▶ Prompt
Among the entries below, which lines run from the line with "Compared to feature" through the line with "Đầm jean kiểu xòe dáng dài jean cổ tim!"? Retype those, both ends included, exactly and without pictures.

▶ Available records
=== Section Start ===

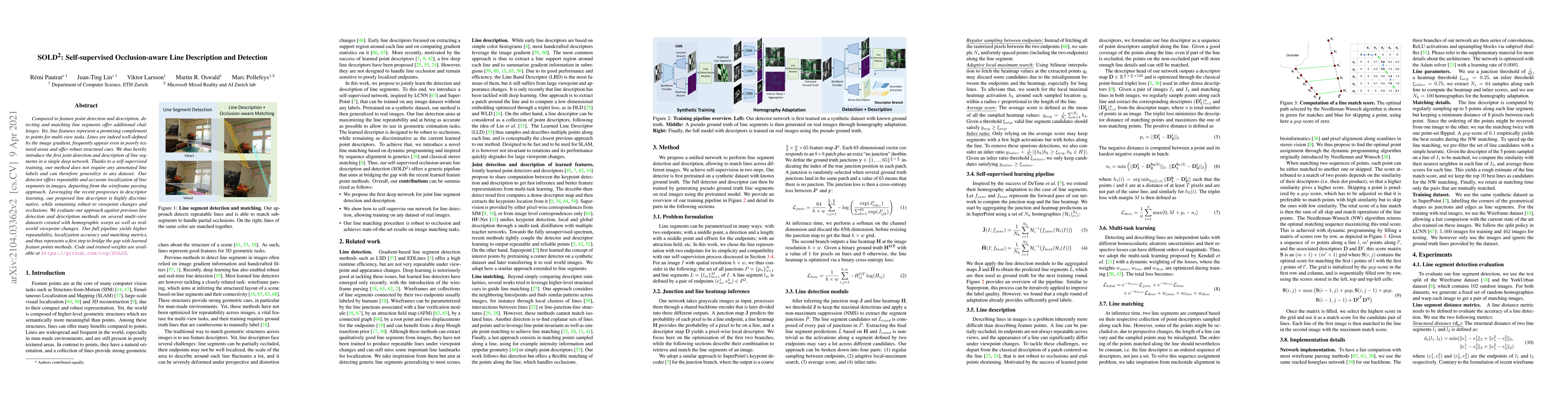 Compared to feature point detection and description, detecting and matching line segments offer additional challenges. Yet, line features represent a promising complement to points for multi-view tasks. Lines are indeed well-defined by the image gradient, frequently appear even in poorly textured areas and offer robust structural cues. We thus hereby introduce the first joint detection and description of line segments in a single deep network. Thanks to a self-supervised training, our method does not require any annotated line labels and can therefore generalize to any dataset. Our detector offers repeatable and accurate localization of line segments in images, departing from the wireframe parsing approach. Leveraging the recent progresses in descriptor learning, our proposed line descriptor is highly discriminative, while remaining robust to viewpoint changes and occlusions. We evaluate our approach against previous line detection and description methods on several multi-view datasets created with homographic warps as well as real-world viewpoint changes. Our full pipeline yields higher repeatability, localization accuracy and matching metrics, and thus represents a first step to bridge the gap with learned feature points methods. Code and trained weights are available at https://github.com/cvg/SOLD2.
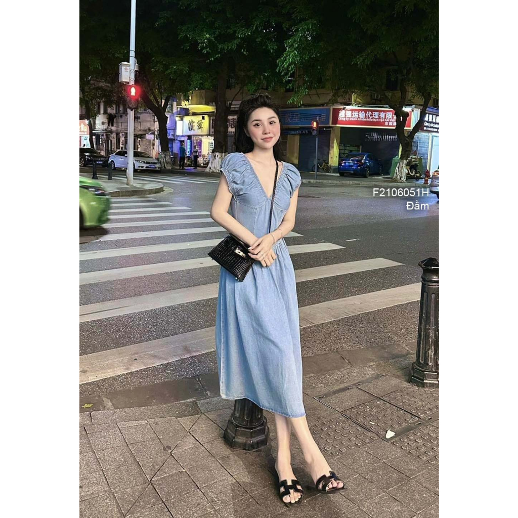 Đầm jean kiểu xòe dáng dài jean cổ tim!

=== Section End ===
=== Section Start ===

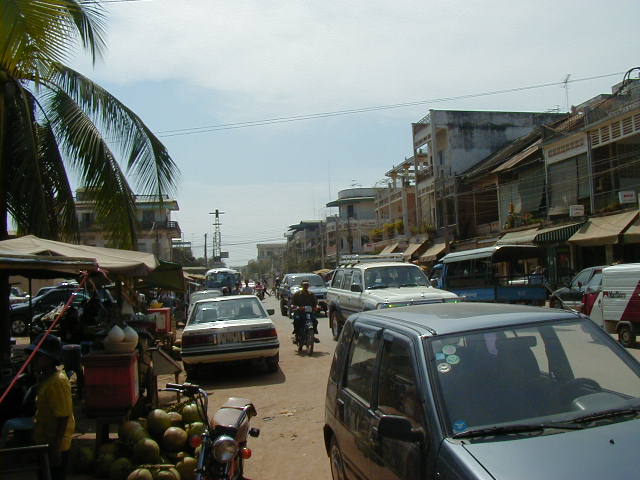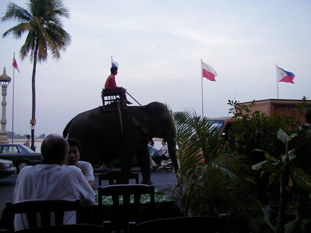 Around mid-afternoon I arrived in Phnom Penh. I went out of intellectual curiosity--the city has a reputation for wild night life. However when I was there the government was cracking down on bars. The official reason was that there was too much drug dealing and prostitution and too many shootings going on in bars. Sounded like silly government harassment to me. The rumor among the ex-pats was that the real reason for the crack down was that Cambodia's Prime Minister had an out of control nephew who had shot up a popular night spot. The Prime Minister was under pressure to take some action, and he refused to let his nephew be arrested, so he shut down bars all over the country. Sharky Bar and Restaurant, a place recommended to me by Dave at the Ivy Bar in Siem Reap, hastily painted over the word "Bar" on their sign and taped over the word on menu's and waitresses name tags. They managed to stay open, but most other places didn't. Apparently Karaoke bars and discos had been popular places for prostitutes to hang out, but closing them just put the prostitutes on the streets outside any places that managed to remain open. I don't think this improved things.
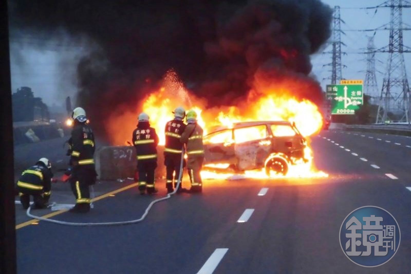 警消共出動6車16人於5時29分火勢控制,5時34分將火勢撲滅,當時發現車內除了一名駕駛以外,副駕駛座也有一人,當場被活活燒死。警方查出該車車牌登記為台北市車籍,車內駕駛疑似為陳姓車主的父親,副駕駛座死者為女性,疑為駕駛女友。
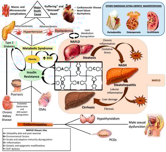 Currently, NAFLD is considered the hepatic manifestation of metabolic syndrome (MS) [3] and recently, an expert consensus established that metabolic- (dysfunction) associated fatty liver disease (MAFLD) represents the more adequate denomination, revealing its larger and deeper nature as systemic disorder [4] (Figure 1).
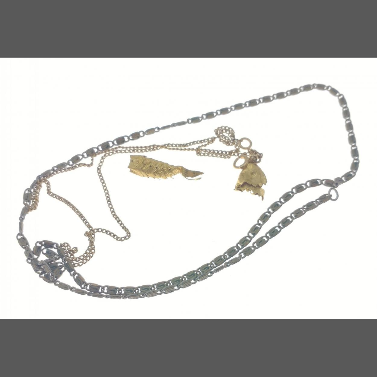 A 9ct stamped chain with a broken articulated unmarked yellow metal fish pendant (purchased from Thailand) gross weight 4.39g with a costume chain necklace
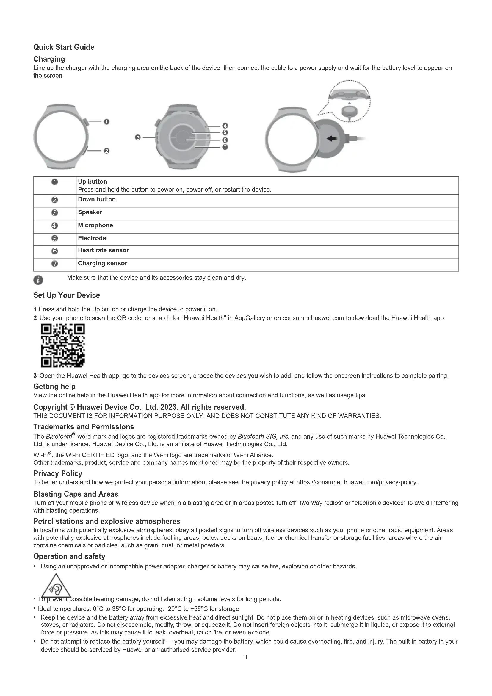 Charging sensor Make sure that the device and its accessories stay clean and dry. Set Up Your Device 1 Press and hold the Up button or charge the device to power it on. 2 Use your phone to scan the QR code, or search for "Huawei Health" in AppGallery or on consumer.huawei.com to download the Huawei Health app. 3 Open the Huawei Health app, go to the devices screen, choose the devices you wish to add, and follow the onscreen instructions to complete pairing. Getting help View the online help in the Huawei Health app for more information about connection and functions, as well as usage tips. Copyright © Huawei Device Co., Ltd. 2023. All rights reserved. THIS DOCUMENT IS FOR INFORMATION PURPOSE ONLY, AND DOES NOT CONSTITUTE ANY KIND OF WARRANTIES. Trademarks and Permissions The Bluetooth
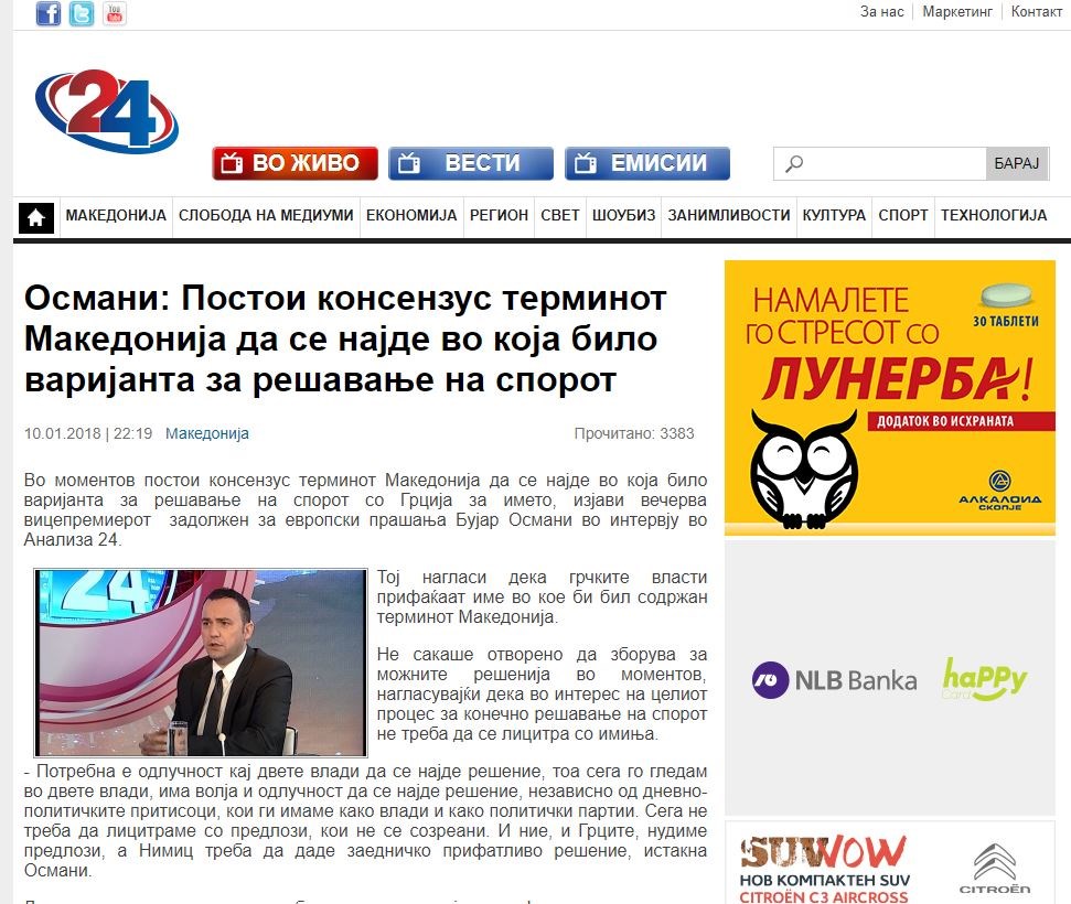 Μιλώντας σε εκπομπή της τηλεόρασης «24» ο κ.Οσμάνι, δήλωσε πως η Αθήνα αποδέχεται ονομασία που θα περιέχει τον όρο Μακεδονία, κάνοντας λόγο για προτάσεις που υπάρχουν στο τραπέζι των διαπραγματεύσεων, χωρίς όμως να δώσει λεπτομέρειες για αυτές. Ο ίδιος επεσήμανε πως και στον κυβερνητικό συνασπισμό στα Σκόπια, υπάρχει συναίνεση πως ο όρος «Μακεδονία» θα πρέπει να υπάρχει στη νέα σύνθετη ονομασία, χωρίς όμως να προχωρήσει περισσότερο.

=== Section End ===
=== Section Start ===

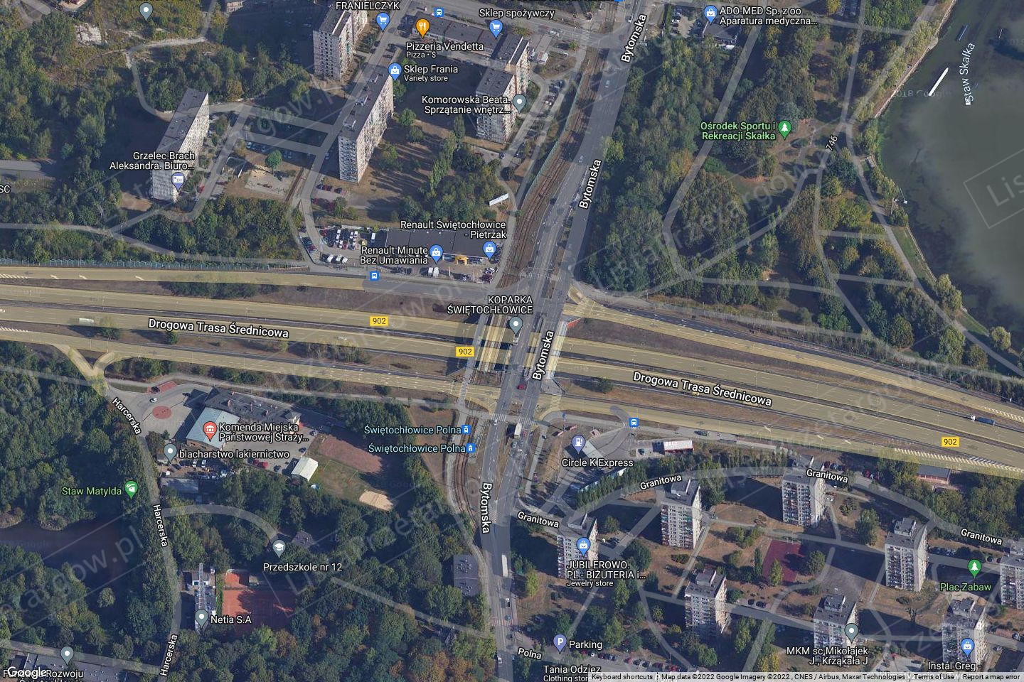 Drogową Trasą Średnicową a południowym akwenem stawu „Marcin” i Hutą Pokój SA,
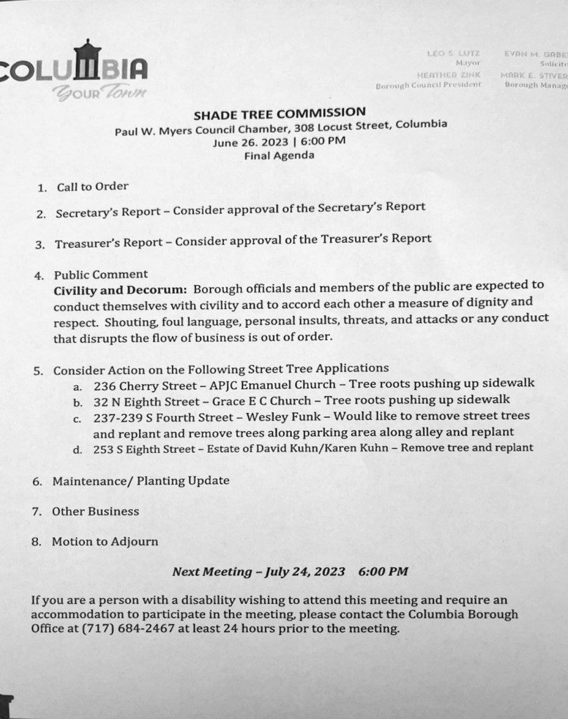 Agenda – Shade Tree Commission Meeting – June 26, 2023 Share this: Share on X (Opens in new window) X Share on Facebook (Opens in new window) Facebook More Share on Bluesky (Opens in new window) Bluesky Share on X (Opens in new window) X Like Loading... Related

=== Section End ===

▶ Exercise answer
 Compared to feature point detection and description, detecting and matching line segments offer additional challenges. Yet, line features represent a promising complement to points for multi-view tasks. Lines are indeed well-defined by the image gradient, frequently appear even in poorly textured areas and offer robust structural cues. We thus hereby introduce the first joint detection and description of line segments in a single deep network. Thanks to a self-supervised training, our method does not require any annotated line labels and can therefore generalize to any dataset. Our detector offers repeatable and accurate localization of line segments in images, departing from the wireframe parsing approach. Leveraging the recent progresses in descriptor learning, our proposed line descriptor is highly discriminative, while remaining robust to viewpoint changes and occlusions. We evaluate our approach against previous line detection and description methods on several multi-view datasets created with homographic warps as well as real-world viewpoint changes. Our full pipeline yields higher repeatability, localization accuracy and matching metrics, and thus represents a first step to bridge the gap with learned feature points methods. Code and trained weights are available at https://github.com/cvg/SOLD2.
 Đầm jean kiểu xòe dáng dài jean cổ tim!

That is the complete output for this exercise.